I don't sell on Etsy (yet  ), but I do buy a lot from there. My best advise would be to space out your listings. Like, if you have 15 items to sell. The first day list some, but save some to list a couple more each day. This way you are always on the first few pages of your category. People don't go through all the pages, but if you have something listed on those first few and it's something they like, they will check out your store. I've seen quite a few sellers list everything at once then never get a sale because they get pushed to page 70.


----------



## skwentnaflyer (Mar 9, 2009)

patience said:


> I don't sell on Etsy (yet  ), but I do buy a lot from there. My best advise would be to space out your listings. Like, if you have 15 items to sell. The first day list some, but save some to list a couple more each day. This way you are always on the first few pages of your category. People don't go through all the pages, but if you have something listed on those first few and it's something they like, they will check out your store. I've seen quite a few sellers list everything at once then never get a sale because they get pushed to page 70.


this is good advice!
Some people set a budget and renew items daily, in order to get to the top, but I personally like to add a new listing instead. It costs the same, and you're not recycling the same items day after day.


----------



## FiddleKat (Oct 22, 2004)

Ive been selling on Etsy for almost two years now. I like it. Sales seem to be in spurts. But you just have to keep at it.
Art is a hard sell period. I do art myself, but my shop is primarily dolls and doll clothing and a few other things.

Pictures are at the top of the list of things to prioritize. You can have really good work, but it you have louzy pictures it won't help. But it is a constant thing to work on. And a never ending learning experience. 

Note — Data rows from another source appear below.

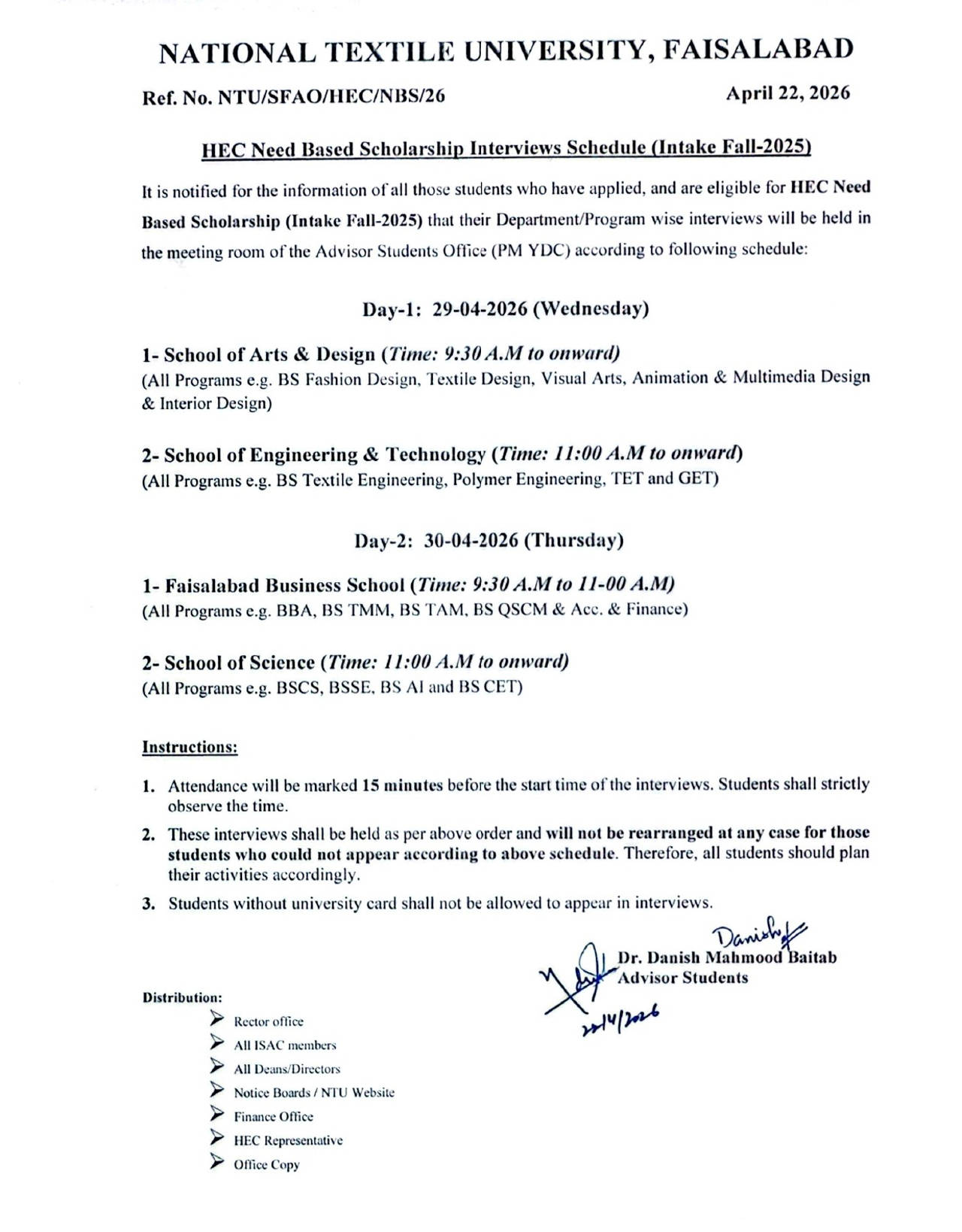 HEC Need Based Scholarship Interviews Schedule (Intake Fall-2025)
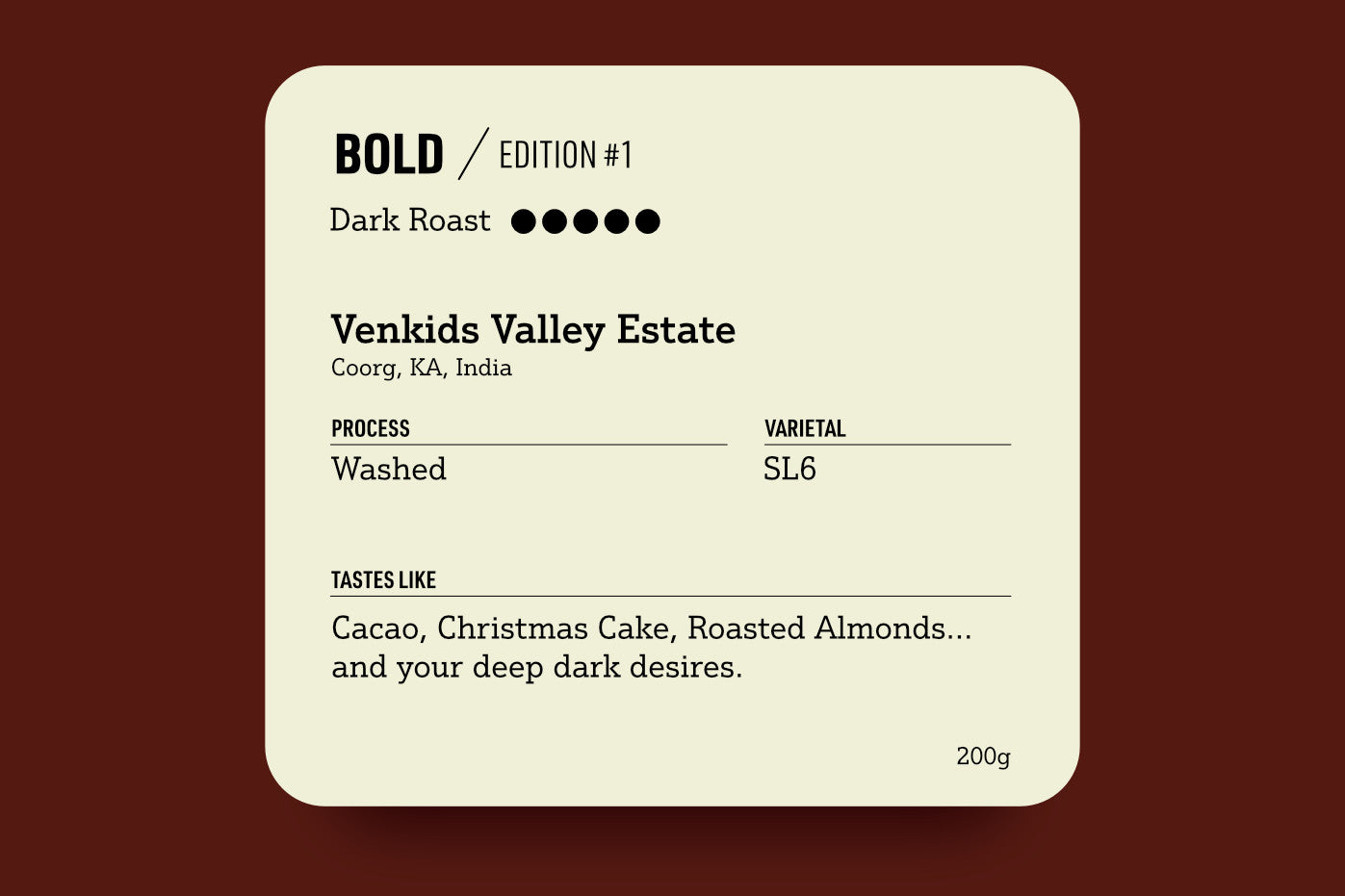 Imagine a syrupy cup of dark hot chocolate on a winter day, and hey, of course there’s some Christmas cake with roasted almonds just for good measure. This coffee’s got so much body you can practically eat it.
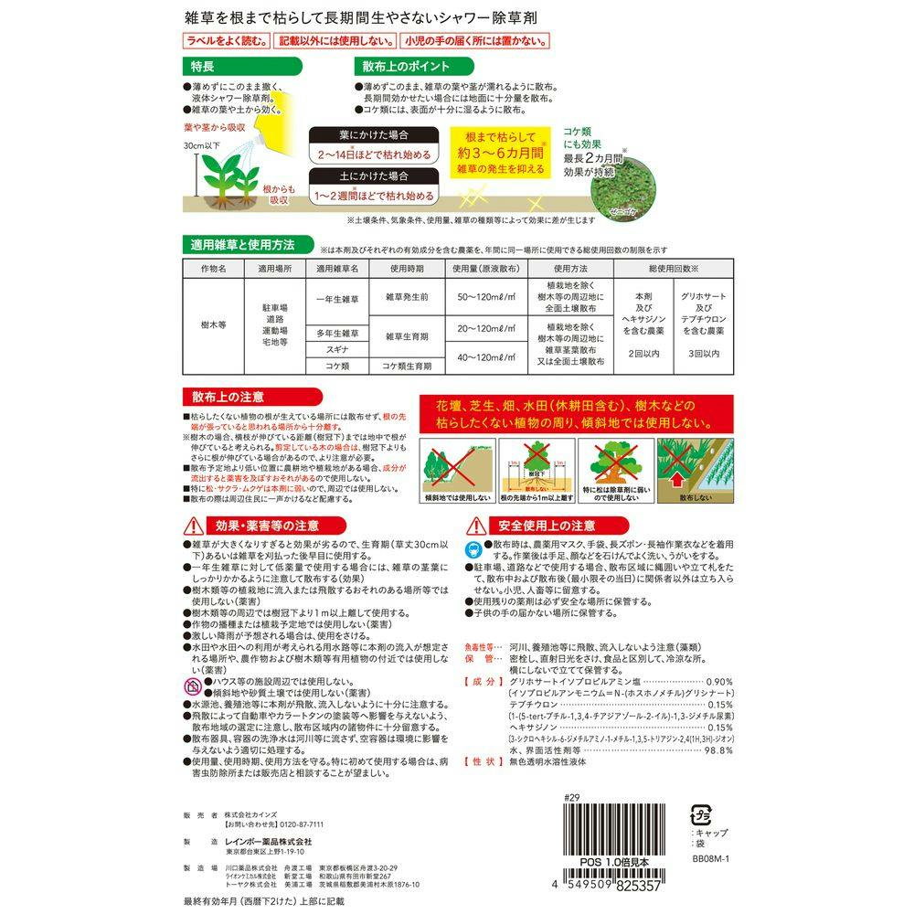 ネコソギシャワーV6 C 液体 そのまま使える除草剤 ゴミ減量パック 2L 最長6カ月持続 そのまま散布
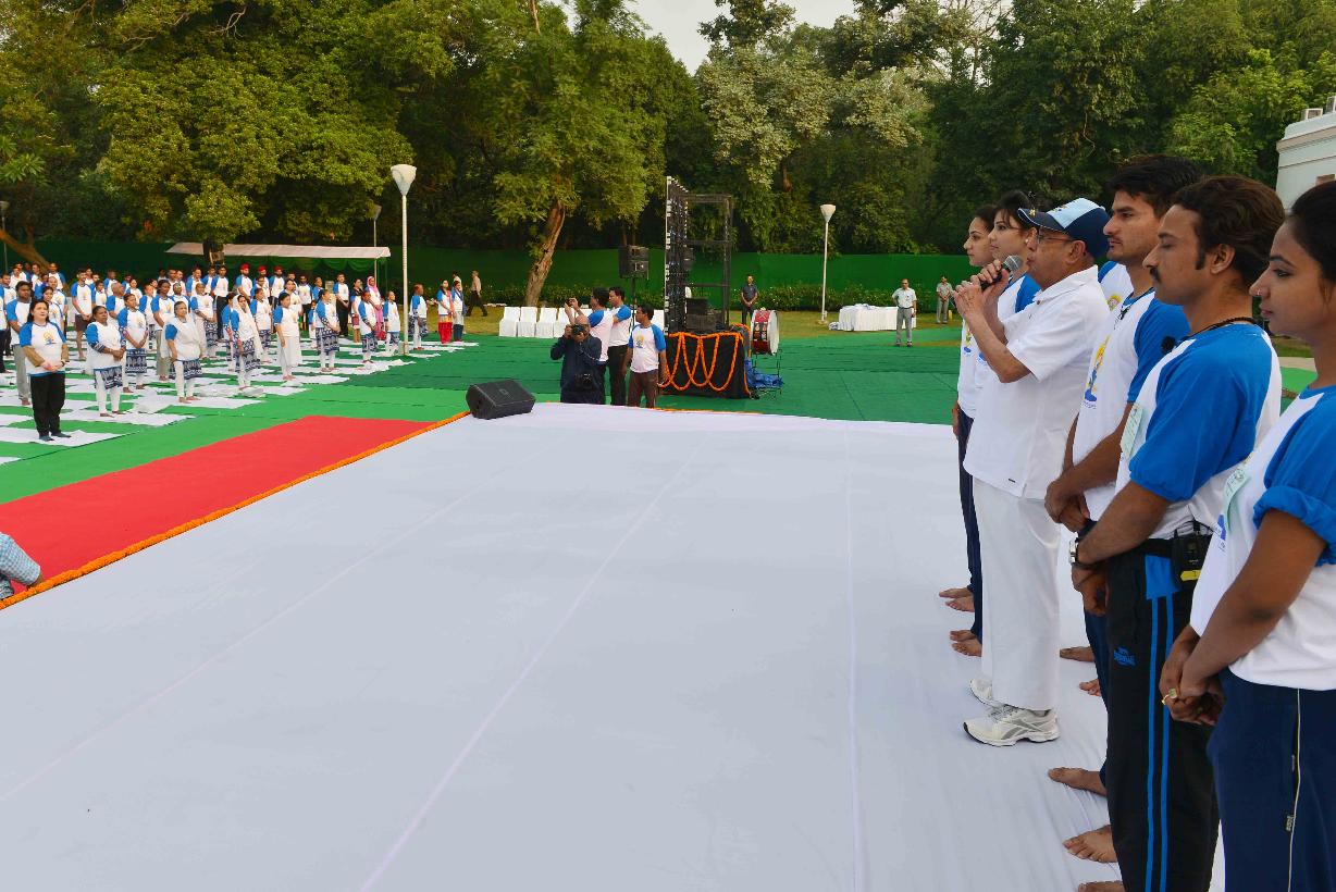 | Caption: | The President of India, Shri Pranab Mukherjee inaugurating the 2nd International Day of Yoga at Rashtrapati Bhavan on June 21, 2016. |
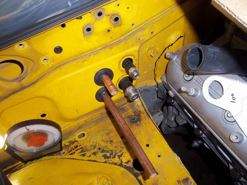 Picked up a couple of heater hoses at Autozone.. perfect. One 5/8", the other 3/4". Both about 24"+ long with a simple 90 at one end. The firewall end is not done yet, hope to finish it up tomorrow night and pressure test it. Will get some measurements of the final pieces, etc. Need to figure out a good way to support the lines inside the cabin, not sure on that yet.
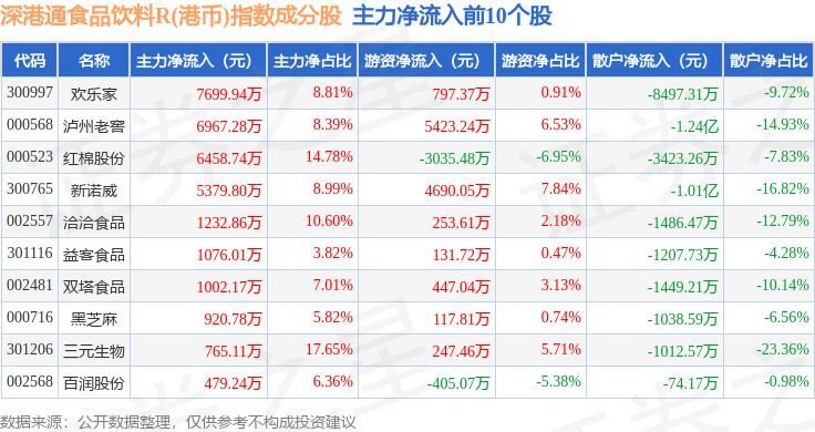 资金流向方面,深港通食品饮料R(港币)(483066)指数成份股当日主力资金净流出合计2560.9万元,游资资金净流入合计2.63亿元,散户资金净流出合计2.38亿元。成份股资金流向详情见下表:
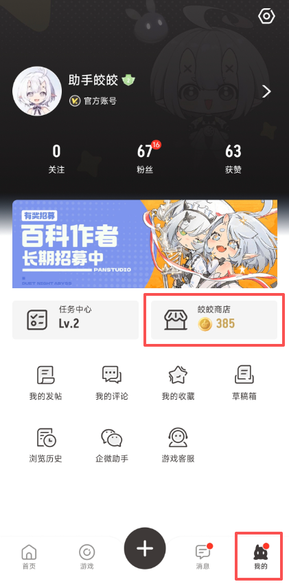 Q:我从哪里可以查看我的皎皎积分?
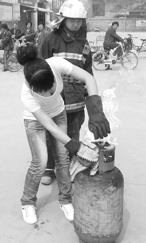 “液化气罐着火时,要先用湿毛巾捂灭火焰,然后拧住开关,再把液化气罐转移到安全地带冷却……”当日9时30分,该县防灾减灾应急疏散演练在罗马广场正式启动,一系列演习项目过后,消防官兵向围观市民讲解演示逃生、灭火器的使用和处置着火液化气罐等相关知识,引来不少市民积极参与体验。“以前,听说液化气罐着火了,会感到十分恐怖,没想到处置起来如此简单。”现场一市民在体验后说,以后遇到这种情况再也不用紧张了。
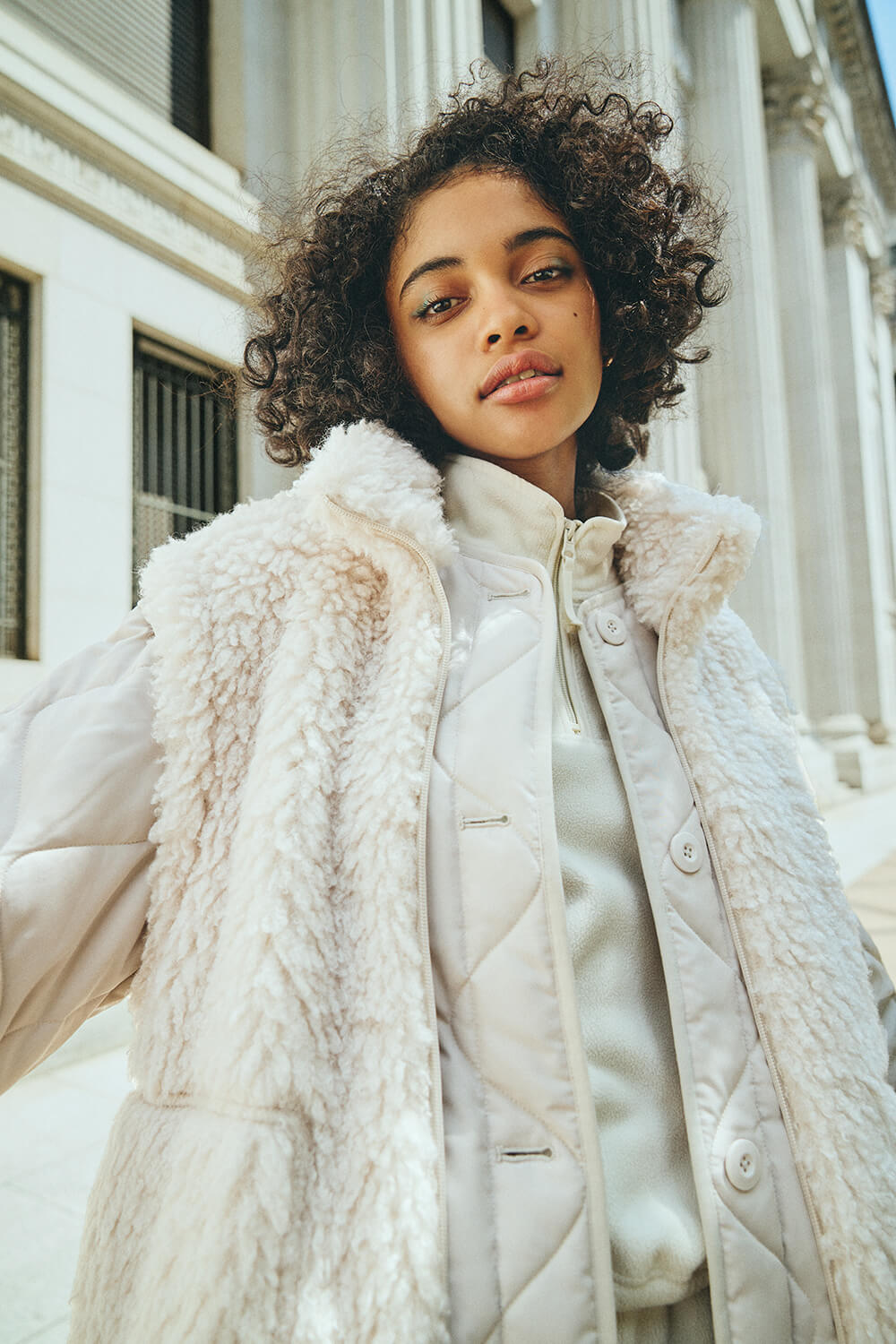 穿出時尚感的關鍵單品是別出心裁的捲刷毛材質拉鍊背心。刷毛套裝穿搭及菱格壓紋外套,襯出既舒適又充滿都會風的造型。全身穿搭均使用米白色調,突顯潮流感。
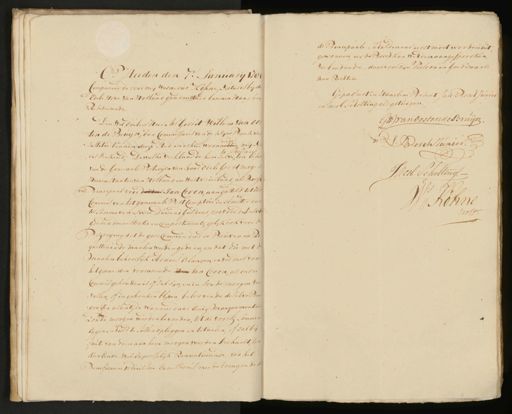 Op Heeden den 7e. Januarij 1784 Compareerde voor mij Vernerus Kohne, Notaris bij de Edele Hove van Holland geadmitteerd binnen Haarlem Resideerende Den Wel Edelen Heer Mr. Gerrit Willem van ob¬ ten de Bruijn, oud Commissaris van de Klyne Bank van Justitie binnen deeze Stad en alhier woonachtig, mij No„ Steller ris Bekend. Dewelke verklaarde hem zelve ^ ten beho van de Generaale Posterijen van haar Edele Groot mog: Heeren Staaten van Holland en Westvriesland als Borg en Principaal voor de Heer Jan Croon, aangesteld tot ons Commis van het generaale Post Comptoir in Amsterdam ter Somma van twee Duizend Guldens, zoo voor desselvs goede administratie en comportements, gelyk ook voor de Bezorging dat de gerecommandeerde Brieven en Pal quetten in de maalen werden gedaan, en dat die met de maalen behoorlijk Addres Erlangen, en verders voor het geene den voornoemde Heer Jan Croon, als onder Commis gehouden is of zal zyn, en in soude moogen ver vallen, of in gebreeken blyven, beloovende deselve Pen „gen, ten allen tijde wanneer daar Eenig manquement zoude moogen werden bevonden, tot de voorsz: Somme Eijgen schuld te sullen opleggen en betaalen, of zal bij faute van dien aan hem moogen werden verhaalt, ten dien Einde wel Expresselijk Renuntieerende van het Beneficium ordinissen Excussionis, meede brengende de de Principaale Schuldenaar eerst moet worden uit gewonnen eer de Borchkan werden aangesprooken, verbindende daar voor zijn Persoon en Goederen als naa Rechten. Gepasseert in Haarlem Present Jan Bosch Junior en Jacob Scholting als getuigen. G:W: van Oostende Bruijn N J: Bosch Junior Jacob Scholting. Ads. Köhne Nots.
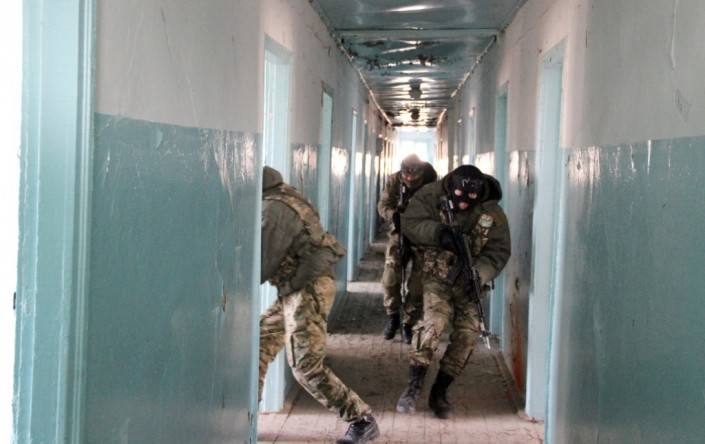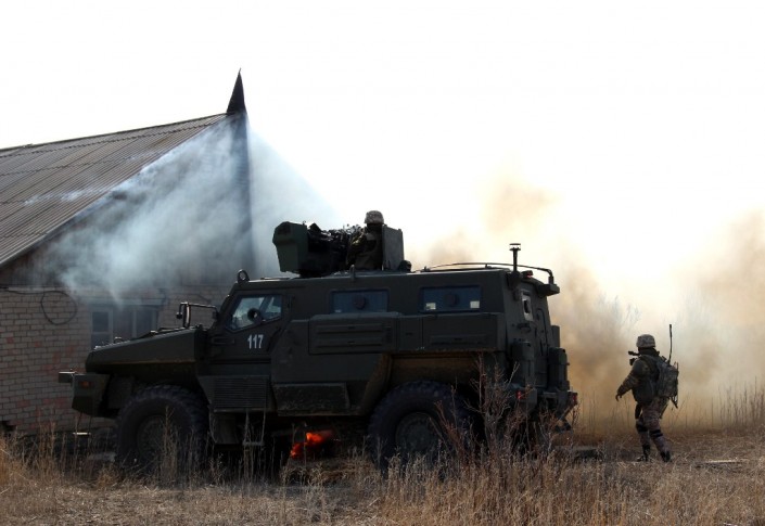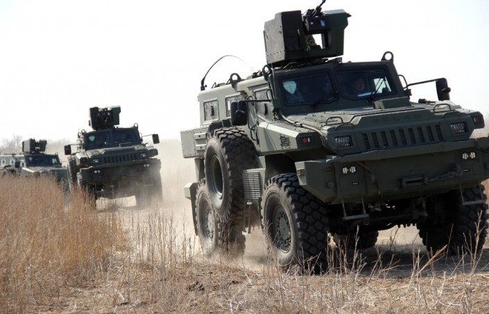 В ходе выполнения учебно-боевых задач спецподразделениями были впервые опробованы поступившие на вооружение отечественные бронированные колесные машины "Арлан".
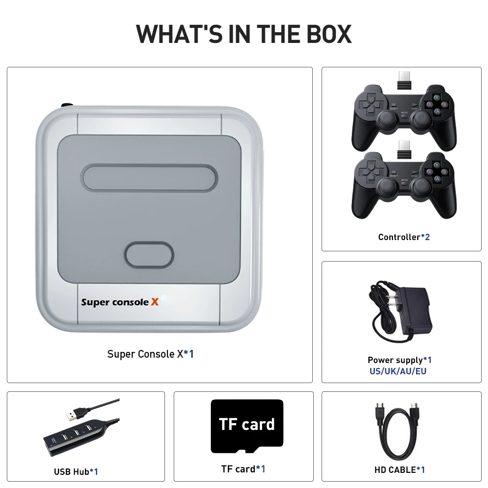 Mini consola de videojuegos retro Super Console X2, preinstalada110000+ juegos clásicos, Amlogic S905X2 de cuatro núcleos de 64 bits, el juego funciona sin problemas.
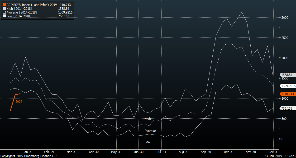 Exporty komodity začaly nový rok pod pětiletým průměrem, nicméně momentum je slibné. Zdroj: Bloomberg

I find also if you try to list one item a day, it keeps you current in the front page for new listings. I also tweet new items and other items almost everyday as well. 

What I like about Etsy is that they only charge you 20 cents to list an item. No matter what price you put on it. Ebay can get expensive. I also like the fact that your item stays listed in your shop for 4 months. So it equals out to showing your work for 5 cents a month. Cheap advertising if you ask me!

What is your shop Willow Girl?


----------



## willow_girl (Dec 7, 2002)

I have not registered yet. The art is something I work on in fits and starts ... I had to take a break for awhile to can a kajillion tomatoes! LOL


----------